WHAT IS EXPECTED: What is the number of lines below that hold "bâtiment"? Answer with that number only.

[Stored items from a collection]
━━━━━━━━━━━━━━━━━━━━━━━━━━━━━━
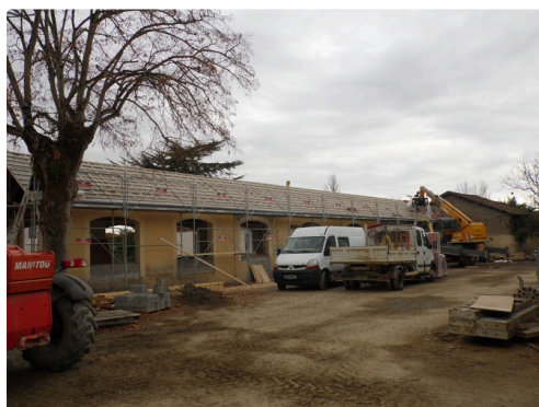
Le bâtiment N°3 en passe d'être couvert

Des menuiseries coté cour intérieure sont déjà posées au bâtiment N° 2 (coté rue Sainte-Quitterie), il sera fermé le 22 décembre quand interviendront les vacances de Noël des écoliers et peut être des entreprises .
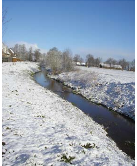
De Rips ten oosten van De Mortel, winter 2008.

Blekkeling dus als een slecht soort turf en een blekkeling-veld is de plaats waar die turf werd gewonnen. Een blekkeling-veld gaat samen met moervelden en uitgestoken turfputten. De uitgang –ling van het woord blekkeling is vrij algemeen, zodat we mogen concluderen dat het eerste deel ‘blekke’ de kern van de betekenis is. ‘Blekkete’ duidt daarmee op een soort turf. Hiervoor is al aangehaald dat de betekenis van woorden zoals bleek, blek en blik in veldnamen sterk samenhangen. Feitelijk hebben we met hetzelfde woord te maken dat afhankelijk van het gebruikte dialect soms wat langer en soms wat korter werd uitgesproken. Onze naam ‘bleek’ en het eerste deel van ‘blekkeling’ mogen we daarom als gelijkwaardig beschouwen. Daarmee komen we tot de conclusie, mede dankzij Torrentinus, dat de laatmiddeleeuwse betekenis van ‘bleek’ te maken heeft met turf als brandstof en dat de veldnaam aangeeft dat op die plaats voorheen turf gewonnen werd. In de 19 de eeuw en ook nu nog kwam de naam ‘bleek’ vaak voor als (voormalig) ven. We mogen ervan uit-
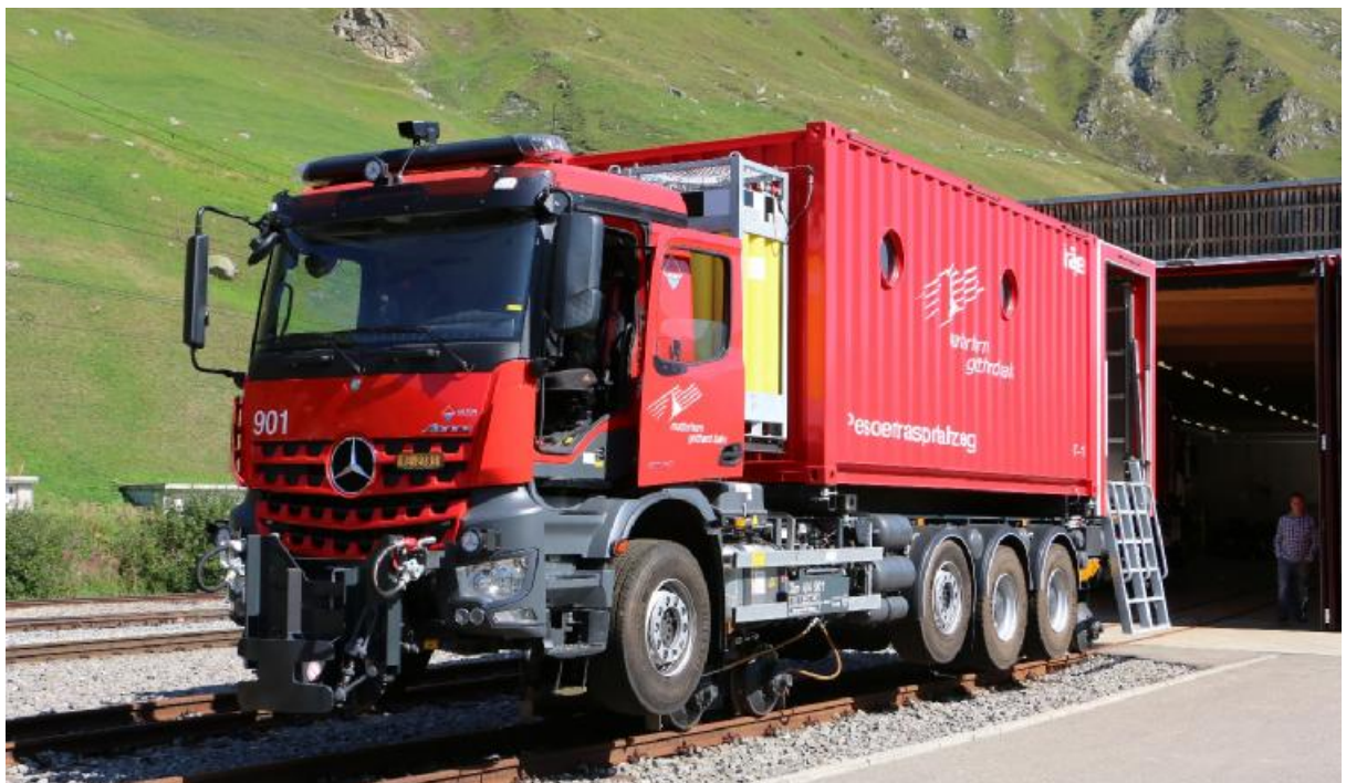
Zwei-Weg-Lastwagen der Tunnelrettung mit Wechselcontainer vor dem Einsatzgebäude in Realp.
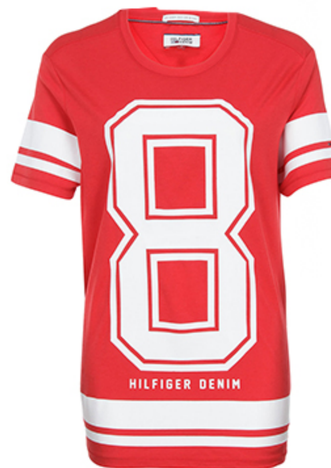
T-SHIRT FINE HILFIGER DENIM
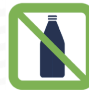
Bouteilles, Contenants à bouchon, Verres, Canettes
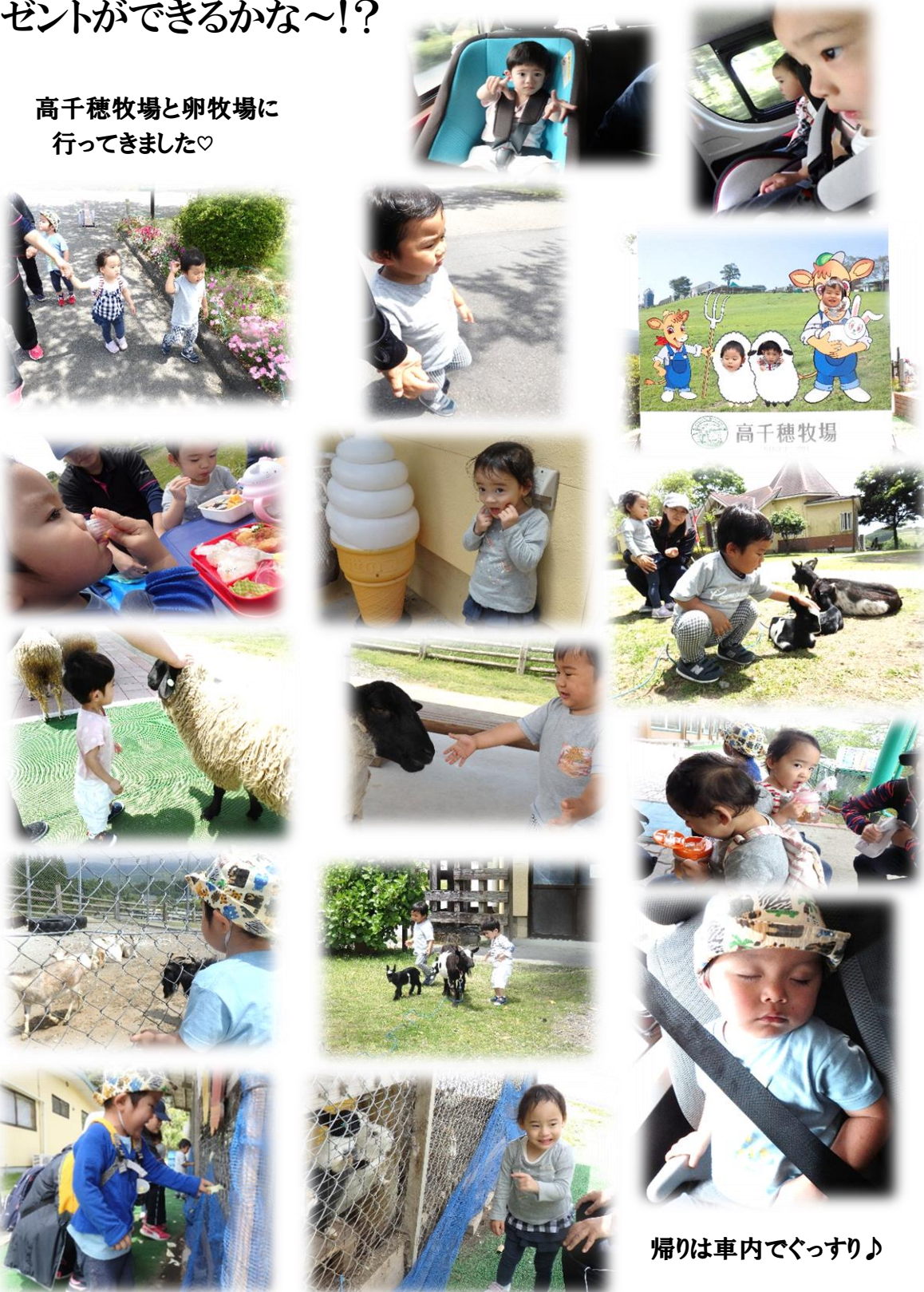
帰りは車内でぐっすり♪
━━━━━━━━━━━━━━━━━━━━━━━━━━━━━━
EXERCISE RESULT: 2